I don't understand why this is bubbling up to the top of hacker news. I presume it is because of high demand and hopes for a native graphing tool, but is there some other reason I am missing? I ask because the project looks to be very early-stage. I see only very simplistic box-and-arrows charts which wouldn't be sufficient for anything but the most basic of ideas -- certainly not for publications or a professional presentation. And the information about its future path and goals is slight-to-none. The team has a very long road ahead to replace full-featured products like LucidChart or OmniGraffle.
[edit: grammar]
Generic support for a solo-developer working on a slick MacOS app. At least that's why I started following the project on Twitter a couple of days ago.
Because options are good? I use Visio on Windows but am constantly needing to do simpler stuff on the Mac at home, and even though PowerPoint works and I have an old OmniGraffle license, I'd love to have something "in between".
I've been looking over a year for something reasonably good and not as messy as Omni. I didn't upvote and it might be manipulated but I did enter my email.
I love how everyone spends years drawing diagrams with mouse torture in visio, OmniGraffle, licid, etc.
eventually everyone will find out about plantuml (puml) which generates diagrams of all kinds via a simple source file and wonder how they could ever live without it.
+ It's all plaintext. I love working with plaintext for all the usual benefits, so this fits.
+ PUML renderer is technically a free-to-download JAR, so it can presumably[0] integrate well with my Org-mode life.
Cons:
- Try to draw anything more complicated than three boxes and an arrow, and you'll be spending 90% of the time fighting the layout engine.

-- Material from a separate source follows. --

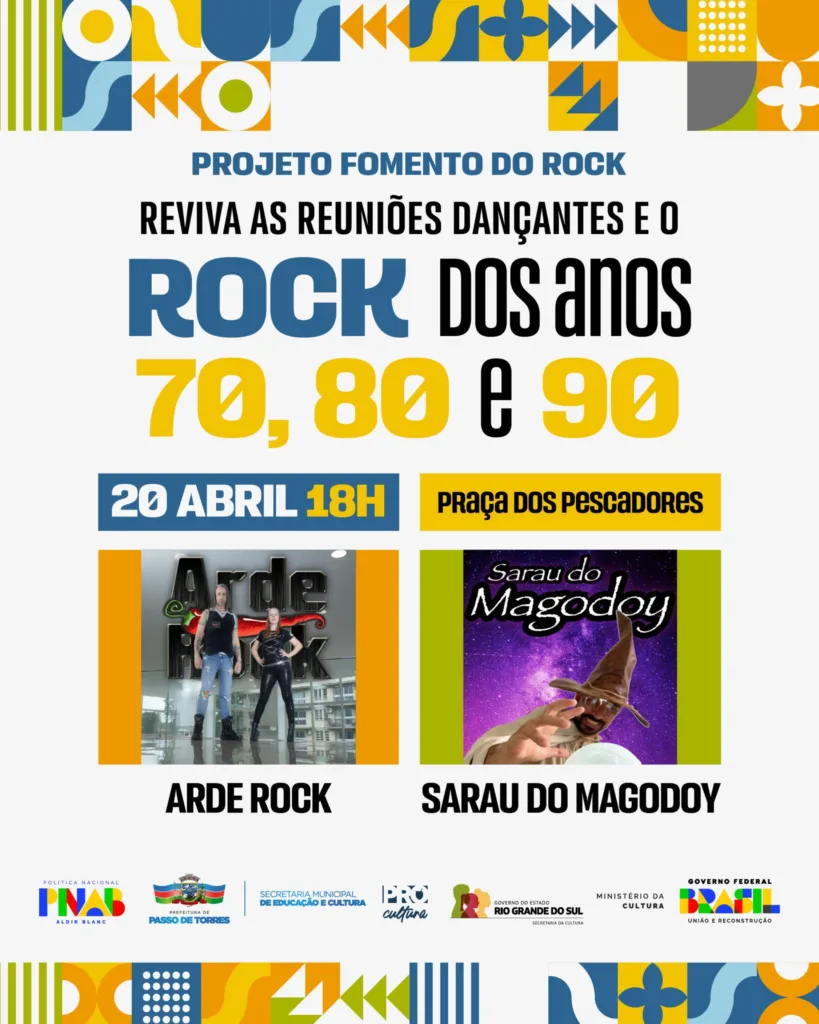 A Prefeitura de Passo de Torres, por meio da Secretaria Municipal de Educação e Cultura, convida a comunidade para uma verdadeira viagem no tempo com a retomada das inesquecíveis reuniões dançantes. O evento “Reviva o Rock dos anos 70, 80 e 90” acontece neste domingo, 20 de abril, a partir das 18h, na Praça dos Pescadores.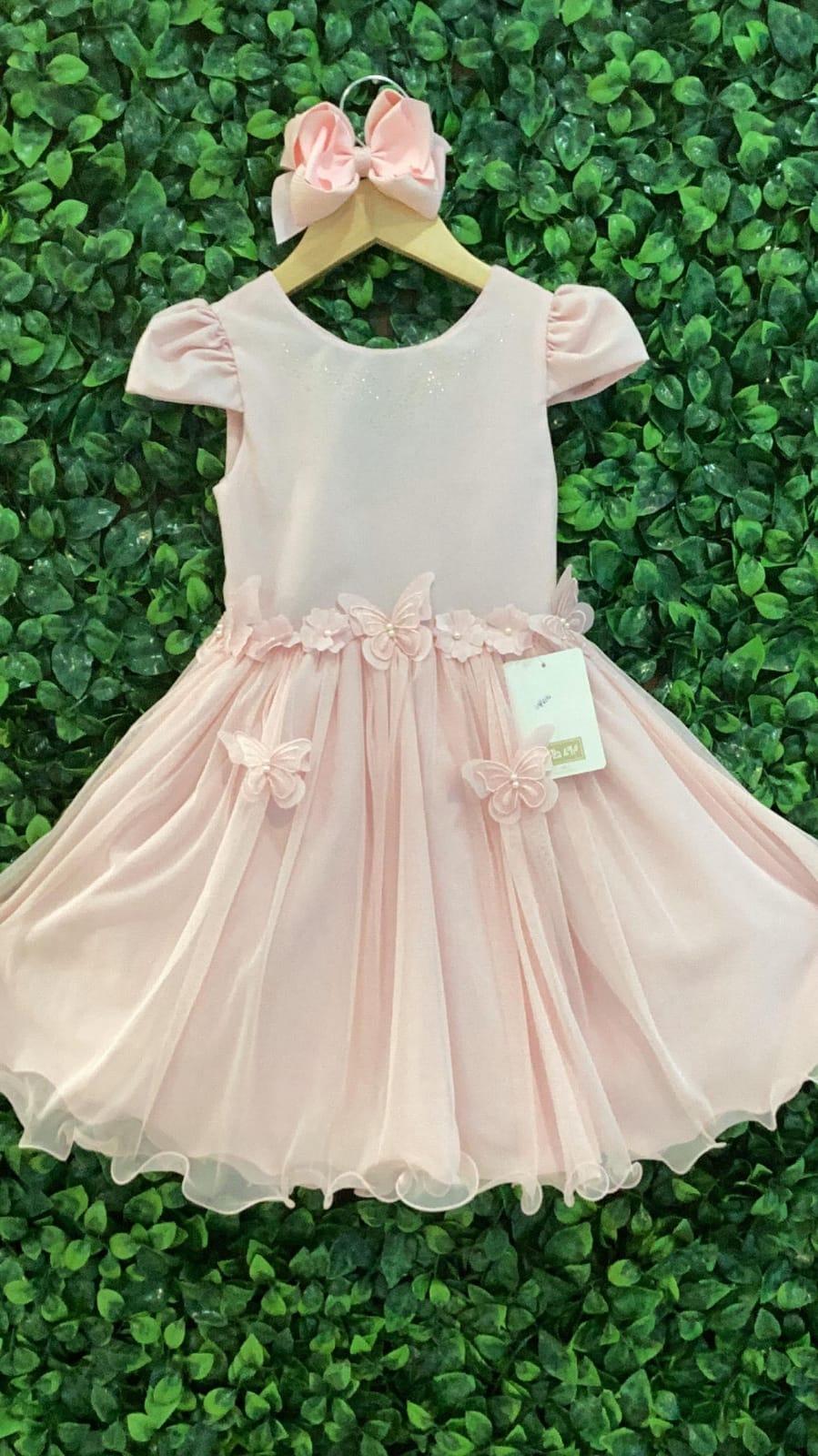 Esse lindo vestido rosa claro, com pontinhos de brilho, detalhes de borboletinhas e flores.

- It's even worse when you have your own opinion about the desired layout. No way to do that reliably, the result is very brittle.
I generally like it, but I'd like it 100x more if there was a way to explicitly pin some component to absolute coordinates. Or at least a better way for giving layout hints than soft constraints introduced through invisible links.
--
EDIT: A random idea if anyone is developing something PUML-like:
How about separating out layouting a bit, and letting me type in something like that:
Basically, I wish I could draw a picture representing the rough layout of key image components, and have this as a hard constraint on positioning other elements.
--
[0] - Presumably, because I gave up on it after couple large-ish diagrams, just before my use has reached the threshold above which I consider Emacs integration.

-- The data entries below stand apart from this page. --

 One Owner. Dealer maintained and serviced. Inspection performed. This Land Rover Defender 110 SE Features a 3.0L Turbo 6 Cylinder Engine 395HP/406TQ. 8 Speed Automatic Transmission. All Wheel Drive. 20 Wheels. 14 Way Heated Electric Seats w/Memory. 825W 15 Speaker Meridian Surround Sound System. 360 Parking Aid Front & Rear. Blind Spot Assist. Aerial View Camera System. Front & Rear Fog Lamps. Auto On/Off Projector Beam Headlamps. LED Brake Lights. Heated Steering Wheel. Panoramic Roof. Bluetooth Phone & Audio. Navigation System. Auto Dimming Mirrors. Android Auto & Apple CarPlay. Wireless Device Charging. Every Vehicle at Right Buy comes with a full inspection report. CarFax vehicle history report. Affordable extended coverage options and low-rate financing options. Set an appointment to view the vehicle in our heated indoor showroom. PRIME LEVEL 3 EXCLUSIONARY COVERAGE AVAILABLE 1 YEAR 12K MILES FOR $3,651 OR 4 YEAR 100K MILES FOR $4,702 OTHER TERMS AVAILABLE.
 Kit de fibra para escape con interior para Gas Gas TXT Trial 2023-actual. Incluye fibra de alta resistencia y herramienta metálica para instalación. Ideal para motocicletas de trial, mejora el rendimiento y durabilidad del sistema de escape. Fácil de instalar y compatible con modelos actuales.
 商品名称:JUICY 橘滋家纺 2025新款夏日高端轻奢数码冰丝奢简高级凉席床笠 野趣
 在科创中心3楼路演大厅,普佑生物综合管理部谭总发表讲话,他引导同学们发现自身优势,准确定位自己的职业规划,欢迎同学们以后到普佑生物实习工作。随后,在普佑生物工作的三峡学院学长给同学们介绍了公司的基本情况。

Mermaid js does that though, and many notetaking apps integrate with it
Personally Draw.io is the best freeapp already out there (online based or desktop), but lucidchart for paid is great too (much better print capabilities)
Not so sure about that - I spent a few weeks this spring trying to badger PlantUML into generating the diagrams I wanted to include in a piece of documentation, and I'd much rather have used an ordinary mouse-based graphics tool where I could have simply put things where I wanted them to go.

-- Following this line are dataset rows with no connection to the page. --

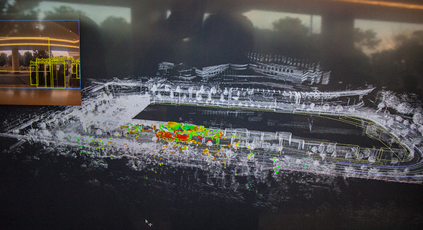 周囲一帯が3次元の点群情報でマップを持っている。それに対してLIDARの情報によって、自車のマップ上の位置を把握している。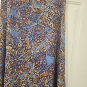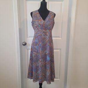 Empire powder blue and paisley print dress size 4 petite. There is a cute and different hemline on this chafaune like material. {Box4}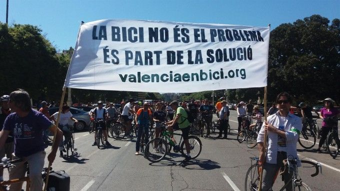 Allí se han podido ver algunas pancartas como 'la bici no és el problema, és part de la solució (la bici no es el problema, es parte de la solución), "concienciación sin contaminación, los carriles bici buena solución" o "el planeta sobrevivirá, nosotros no".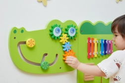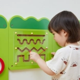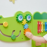 Zabawna drewniana ścienna tablica w kształcie krokodyla zapewnia dzieciom od 18 miesięcy godziny sensorycznego odkrywania i treningu małej motoryki. Oferuje ksylofon, zębate kółka, labirynt, elementy przesuwne i obrotowe oraz koraliki na drucie, które rozwijają koordynację oko–ręka, myślenie logiczne i wrażliwość muzyczną. Dzięki montażowi na ścianie oszczędza przestrzeń i idealnie sprawdza się w pokojach dziecięcych, przedszkolach i kącikach zabaw.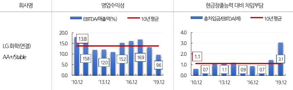 NICE신용평가는 LG화학의 연결기준 CAPEX(미래이윤 창출위한 지출비용) 규모는 2015년 1.5조원에서 2019년 6.4조원으로 크게 증가했으며, 동 투자 관련 자금소요로 총차입금 규모는 2015년 말 2.6조 원에서 2019년 말 8.4조 원으로 확대됐다고 밝혔다. 그러면서 석유화학 호황기였던 2016년부터 2018년 상반기에는 매우 우수한 수익성 및 현금창출 능력을 바탕으로 차입 부담이 일정 수준 이내로 관리됐지만, 최근 불리한 산업환경에 따른 석유화학 사업 부문의 실적 저하 및 배터리 부문의 수익창출 지연 등으로 LG화학의 신용등급 하향 검토 지표인 [총차입금 / EBITDA(법인세·이자·감가상각비 차감 전 영업이익)]는 2019년 말 현재 3.1배로 하향검토 조건을 충족하고 있다고 지적했다.

Back in my day, everyone just used graphviz. Heck, OmniGraffle's diagram support was (is?) based on graphviz. Have things gotten much better since then? Graphviz was always hard to beat.
I’ve been using OmniGraffle for this purpose for ten plus years. They’re gone downhill since moving into the App Store but there certainly are diagramming tools for Mac...
Hi!
Here is Lukas, the founder of Diagrams. We launched our website on Monday and announced it on Twitter only. I must say I’m astonished to see us on position three of Hacker News today!
At this time we’re in the middle of the development. However, this week’s support really encourages us to work even harder on a perfect product. And we’re also very happy to have several offers from developers and designers who offered collaboration!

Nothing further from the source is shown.